M3 Forge uses HMAC-SHA256 signatures for both incoming API requests (clients calling M3 Forge) and outgoing webhook deliveries (M3 Forge calling your endpoints).
How It Works
Each HMAC-signed request includes four headers:
| Header | Description | Example |
|---|---|---|
X-Marie-Timestamp | Unix epoch seconds when the request was signed | 1711036800 |
X-Marie-Nonce | UUID v4 for replay prevention | 550e8400-e29b-41d4-a716-446655440000 |
X-Marie-Signature | HMAC-SHA256 hex digest prefixed with sha256= | sha256=a1b2c3d4... |
X-Marie-Key-Id | Public identifier for the signing key | msk_aBcDeFgHiJkLmNoP |
Signature Construction
The signature is computed over a canonical message assembled from five components joined by newline characters:
{timestamp}\n{nonce}\n{METHOD}\n{path_and_query}\n{body}| Component | Rule |
|---|---|
| timestamp | Same value as X-Marie-Timestamp header |
| nonce | Same value as X-Marie-Nonce header |
| METHOD | HTTP method, uppercased (GET, POST, PUT, DELETE) |
| path_and_query | Request path including query string, no scheme or host (e.g. /api/trpc/workflows.list?batch=1) |
| body | Raw request body bytes.

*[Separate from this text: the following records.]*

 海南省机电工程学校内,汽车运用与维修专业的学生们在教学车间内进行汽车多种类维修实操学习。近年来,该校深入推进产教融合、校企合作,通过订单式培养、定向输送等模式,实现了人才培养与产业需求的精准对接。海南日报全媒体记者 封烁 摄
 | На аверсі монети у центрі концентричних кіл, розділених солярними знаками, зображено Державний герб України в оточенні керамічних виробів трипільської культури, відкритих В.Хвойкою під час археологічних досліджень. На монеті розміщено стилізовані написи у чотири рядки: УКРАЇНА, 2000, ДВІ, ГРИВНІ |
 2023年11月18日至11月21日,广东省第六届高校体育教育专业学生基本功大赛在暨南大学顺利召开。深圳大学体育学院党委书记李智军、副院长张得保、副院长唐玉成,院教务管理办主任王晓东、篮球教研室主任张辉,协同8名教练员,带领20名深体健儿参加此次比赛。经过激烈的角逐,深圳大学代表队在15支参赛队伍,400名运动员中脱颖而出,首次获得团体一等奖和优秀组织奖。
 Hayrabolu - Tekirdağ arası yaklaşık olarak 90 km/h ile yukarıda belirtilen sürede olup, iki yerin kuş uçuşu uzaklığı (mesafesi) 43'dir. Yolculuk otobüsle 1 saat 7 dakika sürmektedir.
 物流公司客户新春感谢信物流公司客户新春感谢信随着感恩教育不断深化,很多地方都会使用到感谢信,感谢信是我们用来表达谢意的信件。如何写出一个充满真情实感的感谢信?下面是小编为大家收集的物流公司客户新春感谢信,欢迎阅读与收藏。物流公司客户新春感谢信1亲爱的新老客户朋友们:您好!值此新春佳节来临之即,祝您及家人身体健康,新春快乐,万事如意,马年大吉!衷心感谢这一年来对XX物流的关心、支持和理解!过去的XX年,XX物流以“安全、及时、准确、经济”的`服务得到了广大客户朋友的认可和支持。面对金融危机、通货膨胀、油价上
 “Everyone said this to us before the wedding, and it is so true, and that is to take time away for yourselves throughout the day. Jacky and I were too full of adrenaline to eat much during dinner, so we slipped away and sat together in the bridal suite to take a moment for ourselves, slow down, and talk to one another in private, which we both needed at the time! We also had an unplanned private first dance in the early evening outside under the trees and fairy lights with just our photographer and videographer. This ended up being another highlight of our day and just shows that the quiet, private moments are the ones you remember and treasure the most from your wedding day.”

Empty string "" for requests with no body. |
Only application/json request bodies are supported for HMAC authentication. Requests using multipart/form-data or application/x-www-form-urlencoded are not covered.
Replay Protection
M3 Forge applies two layers of replay protection:
- Timestamp window — Requests are rejected if the signature timestamp differs from server time by more than 60 seconds.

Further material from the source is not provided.